■ **EXERCISE**: Go through the listing that follows and write it out exactly. Drop the pictures.

■ **RECORDED DATA**:

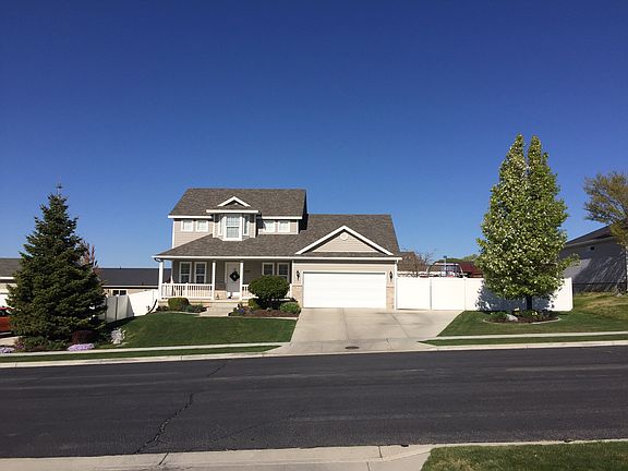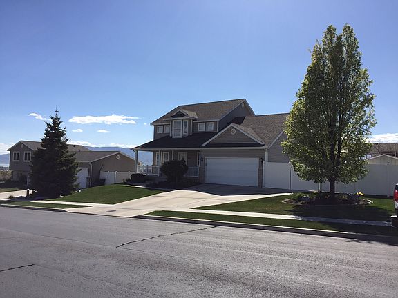 Beautiful Home in highly desired neighborhood. Amazing views of Mountains and Lake. Home is full of upgrades with wood floors, tile, crown molding, custom kitchen, double over, wainscoting, batten board, beadboard, 7" baseboards, fully finished basement. Yard is beautiful, fully fenced and comes with large fenced RV/Boat pad, in ground trampoline, swing/play set, basketball court, and a 8'x10' shed. Homes in this neighborhood sell quick and this home won't last long.
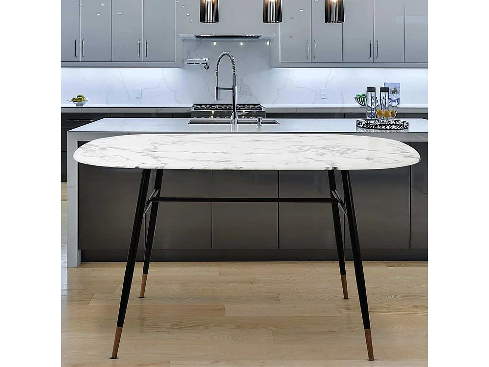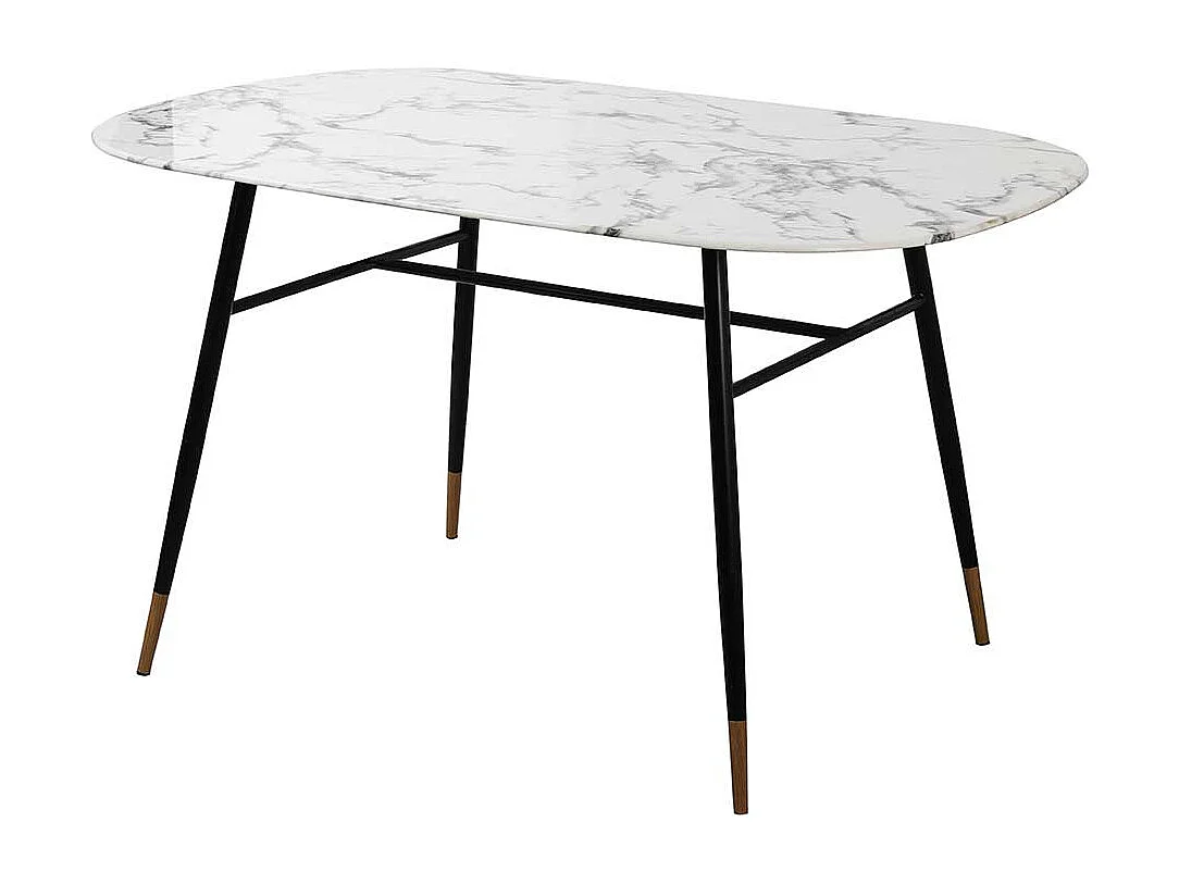Retro Esszimmertisch Marmoroptik Glasplatte Metallgestell
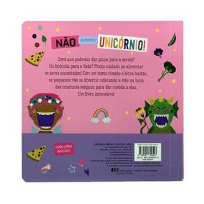 Não Alimente o unicórnio traz uma mensagem divertida e educativa para as crianças: tome cuidado ao oferecer alimentos para seres encantados! Com texto rimado e letras bastão, a história divertida explora diferentes seres encantados, como sereias e fadas. As crianças vão se divertir colocando as mãos nas bocas das criaturas para alimentá-las, enquanto aprendem a importância de respeitar as escolhas alimentares de cada um. Um livro encantador para incentivar a imaginação e o aprendizado de forma lúdica e criativa!

■ **REPLY TO THE TASK**:
 Beautiful Home in highly desired neighborhood. Amazing views of Mountains and Lake. Home is full of upgrades with wood floors, tile, crown molding, custom kitchen, double over, wainscoting, batten board, beadboard, 7" baseboards, fully finished basement. Yard is beautiful, fully fenced and comes with large fenced RV/Boat pad, in ground trampoline, swing/play set, basketball court, and a 8'x10' shed. Homes in this neighborhood sell quick and this home won't last long.
Retro Esszimmertisch Marmoroptik Glasplatte Metallgestell
 Não Alimente o unicórnio traz uma mensagem divertida e educativa para as crianças: tome cuidado ao oferecer alimentos para seres encantados! Com texto rimado e letras bastão, a história divertida explora diferentes seres encantados, como sereias e fadas. As crianças vão se divertir colocando as mãos nas bocas das criaturas para alimentá-las, enquanto aprendem a importância de respeitar as escolhas alimentares de cada um. Um livro encantador para incentivar a imaginação e o aprendizado de forma lúdica e criativa!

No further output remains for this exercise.